You notice, please, that the carbon dioxide has increased.
Your next step, you tell me about compensation. You have the acute and chronic, don’t you?
With renal compensation, good. Take a look at the top, let’s do acute first.
And we have a formula, the formula here gives you something like, well, 0.43 times the PCO2,
the change in carbon dioxide and you have a plus or minus 7 or 6; and so therefore here,
if you do this with acute, you’ll find that the limit is 32. What does that mean?
That means that the bicarb has to increase and when it does acutely, it has a cap of approximately 32.
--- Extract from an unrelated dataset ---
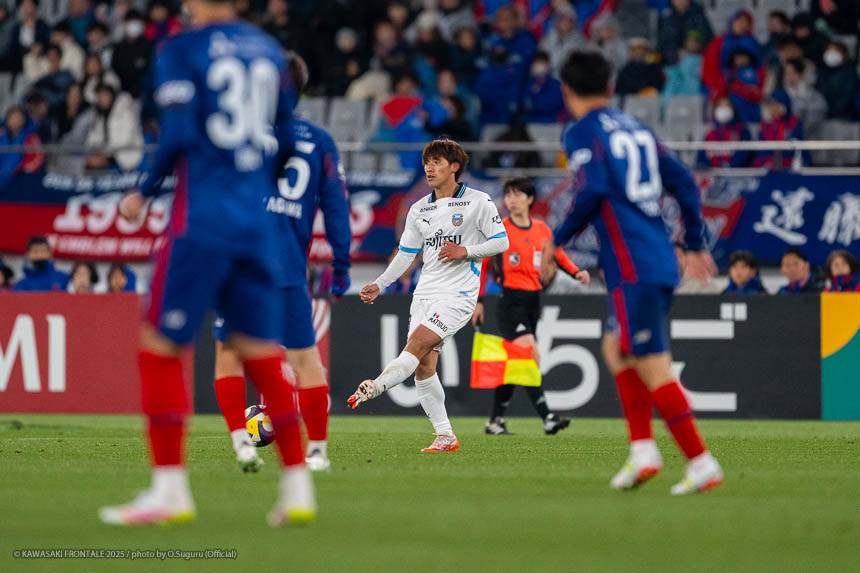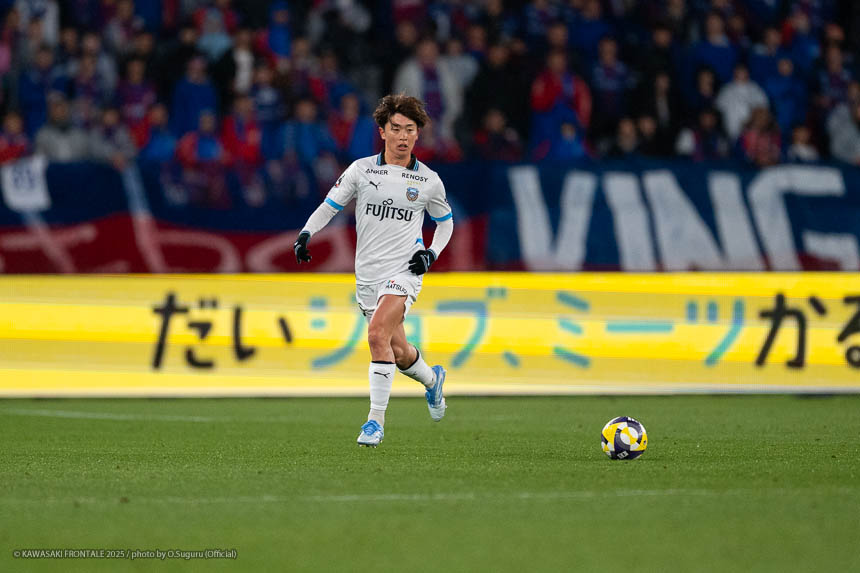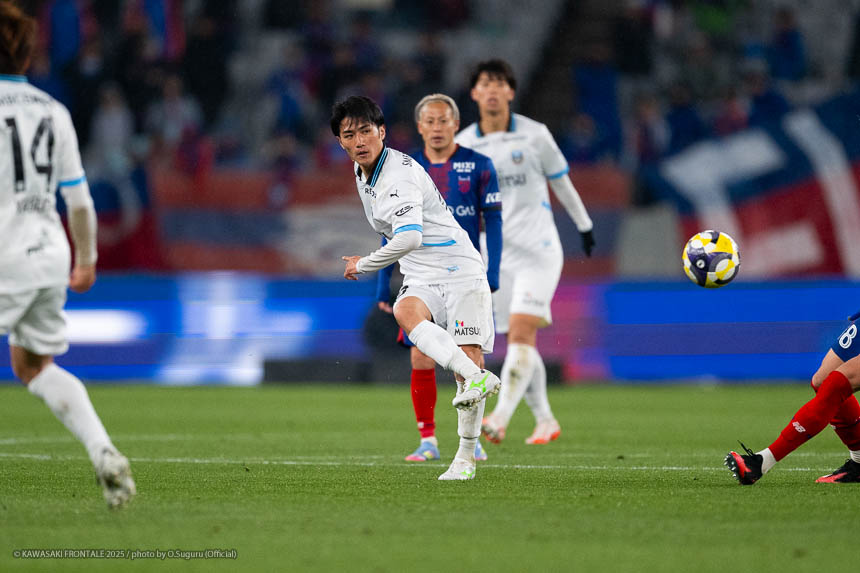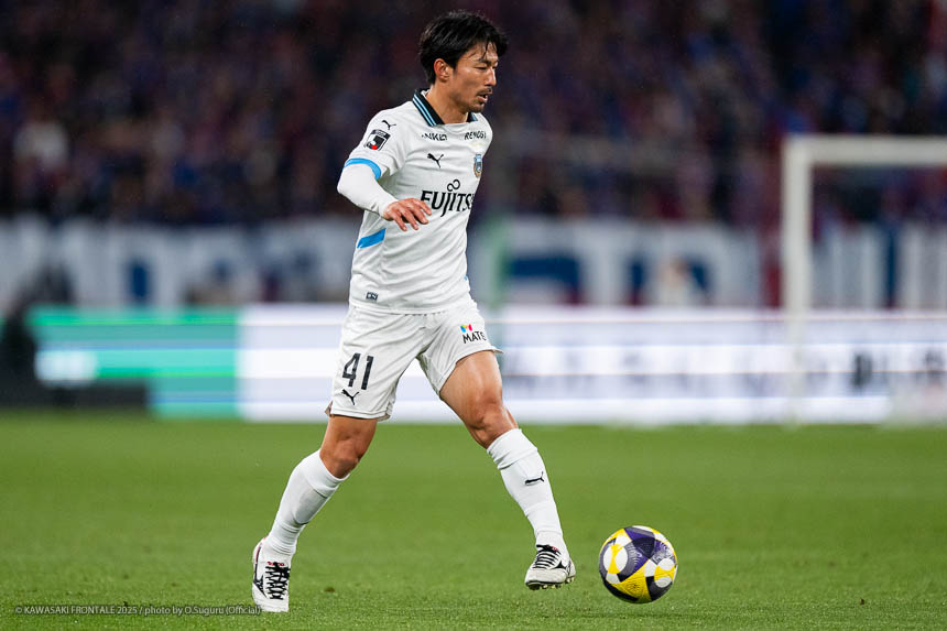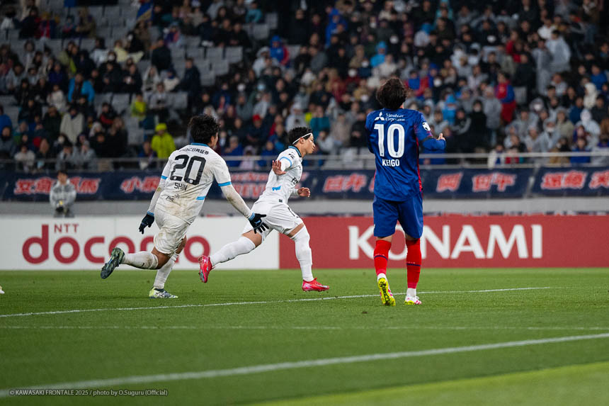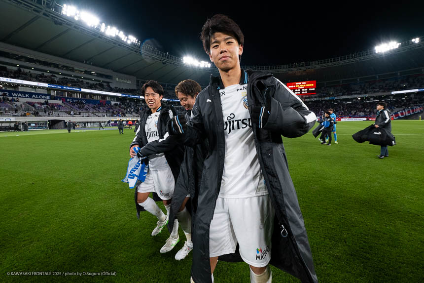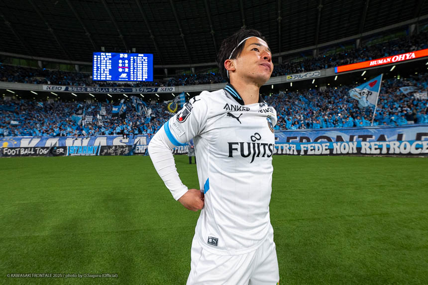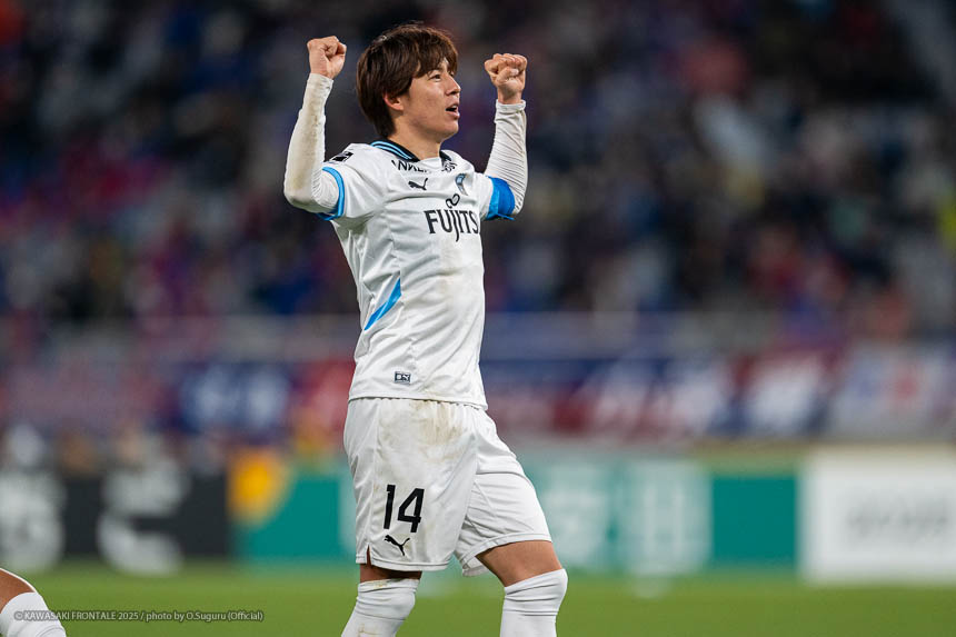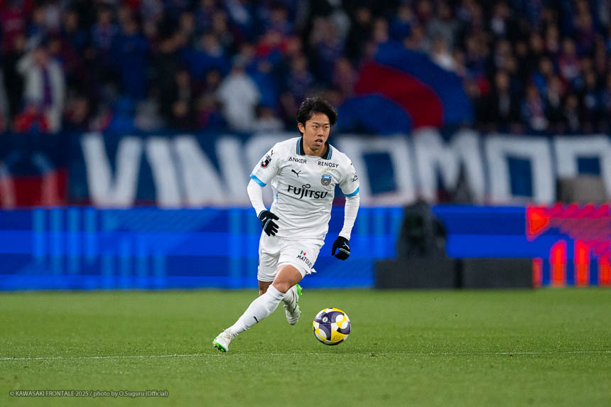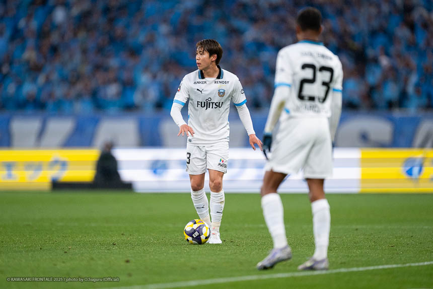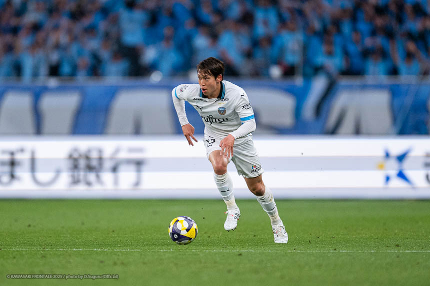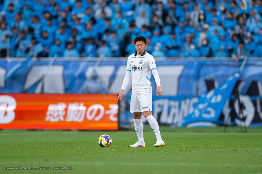 - 前半は悪いときの自分たちというか、距離感もすごく遠くて、準備してきたことがうまく出せなかった。そのなかでルイくん(山口瑠伊)がビッグセーブで止めてくれた。きつい時間帯でも失点をしないのは今年のチームの特徴だと思うし、去年からの変化。あそこで耐えられたからこそ後半のようなゲームができたと思う。先制点のシーンはボールを受けたときに1枚はがして中を見たらヤスくん(脇坂泰斗)がフリーだったので、速いボールでも止めてくれると思ってパスを出した。アシストできたが、あれだけ相手がアキさん(家長昭博)にマークをつけたら自分はフリーになれる。1枚ならはがせる自信があるし、思い切ってしかけようと毎試合やっている。それがうまく結果につながってよかった。

Now if the same method is now applied to the chronic stage; in chronic you end up getting a 45,
the limit is 45 -- meaning to say that from 25 to 45, the value that you got was 20
and with that 20, what did you want to do?
With that 20 did you wanna then add it to your 25 or did you wanna subtract it from your 25?
Well, if you know that it’s respiratory acidosis, carbon dioxide is increased,
you add it to 25 because both are moving in the same direction.
That formed us specifically there is going to be for chronic. It would be good enough to know that.
Let’s move on to the other side, same steps. The pH, well this time we find it to be increased.
We know its alkalosis, what do you expect are gonna move quicker here,
what about your carbon dioxide? Well, then you expect it to decrease.
Take a look at the bottom graph and you’ll find that normally,
between 35 and 45, you’ll find your carbon dioxide drop down to 20, that’s quite low, 20.
And if you expect your carbon dioxide decreased then yeah, once again, acute and chronic, acute and chronic.
So here, you find it acutely, you find a change and the limit here was 18 or if it is chronic,
then it moved down to 12. Understand the concepts, you’ll be in good shape,
don’t forget about acute and chronic and then on the previous figure with the algorithms it then showed you
how much of a change in pH equates to a change and either you use 1 and 4, 2 and 4
depending as to what kind of compensation.
Spend a little bit of time here, understand the concepts, let us now move on.